# TO DO
Drop the pictures and repeat exactly from the "前後 両面 着用ジーンズ" line down to the last line of the entries below.

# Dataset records
* * *

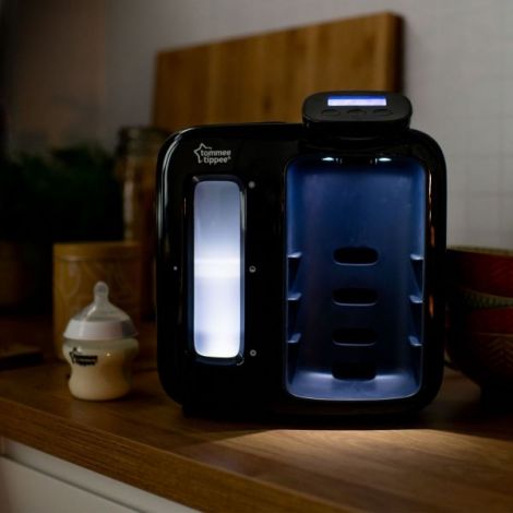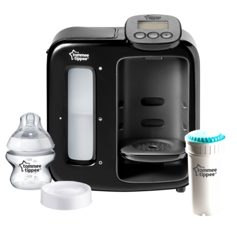 Tommee Tippee Closer to Nature Perfect Prep Machine cu display - aparat pentru pregatirea laptelui praf.Aparatul Perfect Prep cu display de la Tommee Tippee te ajuta sa pregatesti formula de lapte pentru micutul tau. Poti pregati un biberon cu formula de lapte la temperatura potrivita, in doar doua minute. Astfel, il poti hrani fara stres la orice ora din zi sau din noapte. Filtrul inclus in pachet poate fi utilizat pana la 3 luni*. Te ajuta sa pregatesti in doar 2 minute biberonul cu formula de lapte la temperatura optima Silentios - Poti pregati formula de lapte in liniste, datorita volumului reglabil Usor de folosit si noaptea – Lumina discreta ajuta la pregatirea biberoanelor cu lapte in timpul noptii Afisajul digital este simplu si usor de utilizat Aparatul Tommee Tippee Perfect Prep™ cu display este compatibil cu majoritatea marcilor de biberoane si formule de lapte*daca se prepara 6 biberoane x 260 ml pe zi.Somnul parintilor poate fi influentat de trezirile nocturne, necesare hranirii bebelusului. Bebelusilor infometati nu le place sa astepte prea mult sa fie hraniti si isi exprima sentimentele prin singurul mod cunoscut lor, plansul. Trezirile din timpul noptii, cand incerci sa linistesti copilul si sa pregatesti si biberonul cu formula de lapte, pot provoca adevarate teste de stres.Aparatul Perfect Prep cu display face ca hranirea cu biberonul sa fie mult mai usoara, atat ziua cat si noaptea.Te ajuta sa pregatesti biberonul cu formula de lapte in doua minute, fiind conceput pentru a fi utilizat cu usurinta si pe timpul noptii. Este de zece ori mai rapid in comparatie cu fierberea si racirea apei necesare prepararii formulei de lapte.Cand copilul tau plange, ai nevoie de rapiditate in prepararea biberonului cu lapte [img-270583-left-thickbox_default] Cu aparatul Perfect Prep™ cu display, prepararea biberonului cu formula de lapte este mult mai rapida in comparatie cu prepararea clasica.Filtru anti-bacterian Aparatul Perfect Prep™ este conceput pentru a fi utilizat cu apa direct de la robinet. Membrana unica a filtrului, indeparteaza bacteriile si impuritatile care pot fi gasite in apa, asigurand apa curata pentru prepararea formulei de lapte. Acest produs este destinat numai filtrarii apei potabile. Nu utilizati apa de calitate necunoscuta cu acest produs.Lapte la temperatura corpului Primul jet fierbinte elibereaza apa la 70°C pentru a elimina bacteriile care pot fi prezente in formula de lapte. De asemenea, ajuta la dizolvarea rapida si usoara a formulei de lapte. Dupa primul jet fierbinte, apa rece este distribuita pentru a aduce laptele la temperatura corpului.Cel mai bun prieten pentru prepararea biberonului cu lapte in timpul noptii [img-270582-left-thickbox_default] Luminile discrete ale rezervolului va arata nivelul apei, pentru a-l umple in timp util. [img-270581-left-thickbox_default] Volumul reglabil si luminarea suportului pentru biberoane, va ajuta sa pregatiti biberonul cu lapte pe intuneric!Dimensiuni ambalaj: (H) 33 cm x (W) 30.6 cm x (D) 21.6 cm Pachetul include: 1 x Aparat Perfect Prep™ cu display, 1 x filtru anti-bacterian, 1 x biberon 150 ml, 0m+, cu tetina cu flux lent, 1 x capac pentru biberon Tommee Tippee - face viata mai usoara mamelor din intreaga lume! Contraindicat copiilor mai mici de 3 ani. Jucaria/produsul poate contine piese mici care se pot inghiti sau inhala existand pericolul de sufocare sau nu este potrivita copiilor mai mici de 3 ani. Nu lasati ambalajele jucariilor/produselor la indemana copiilor. Indepartati orice ambalaj al jucariei/produsului inainte de a da jucaria/produsul copilului. Va rugam sa supravegheati copilul in timp ce se joaca/foloseste acest produs. Pastrati instructiunile si etichetele pentru referinte viitoare. Pastrati jucaria/produsul departe de foc; feriti jucaria/produsul de temperaturi ridicate si umiditate.
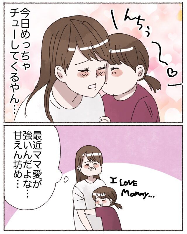 私のほっぺに何度もチューをしてくれる今日の娘。
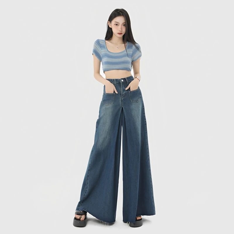 前後 両面 着用ジーンズ ジーンズ レディース デザイン パンツ 春と秋 ニセツーピース ワイドパンツ デニム ジーンズ
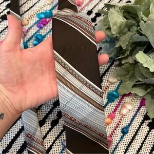 Prince Bellini Vintage Italian Styled Brown Tan Red Rust Striped Polyester Tie
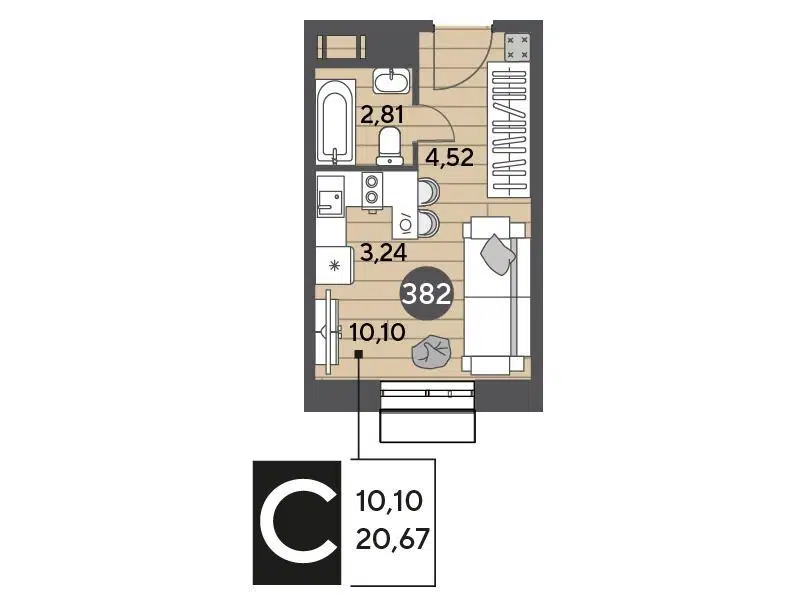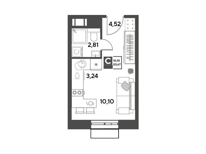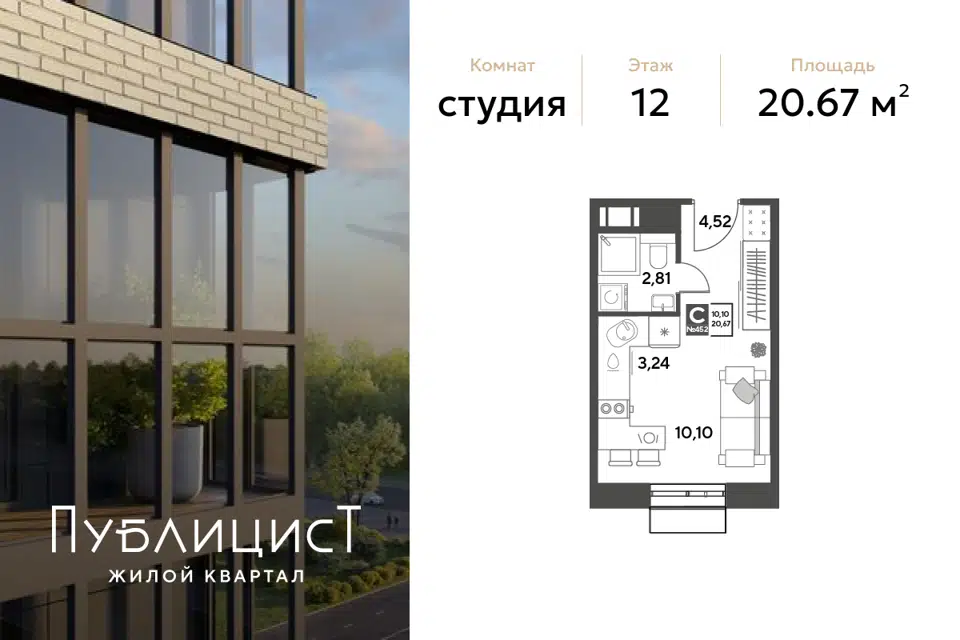 Студия, 20.67 м², 10/15 этаж

* * *

# COMPLETED EXERCISE
 前後 両面 着用ジーンズ ジーンズ レディース デザイン パンツ 春と秋 ニセツーピース ワイドパンツ デニム ジーンズ
 Prince Bellini Vintage Italian Styled Brown Tan Red Rust Striped Polyester Tie
 Студия, 20.67 м², 10/15 этаж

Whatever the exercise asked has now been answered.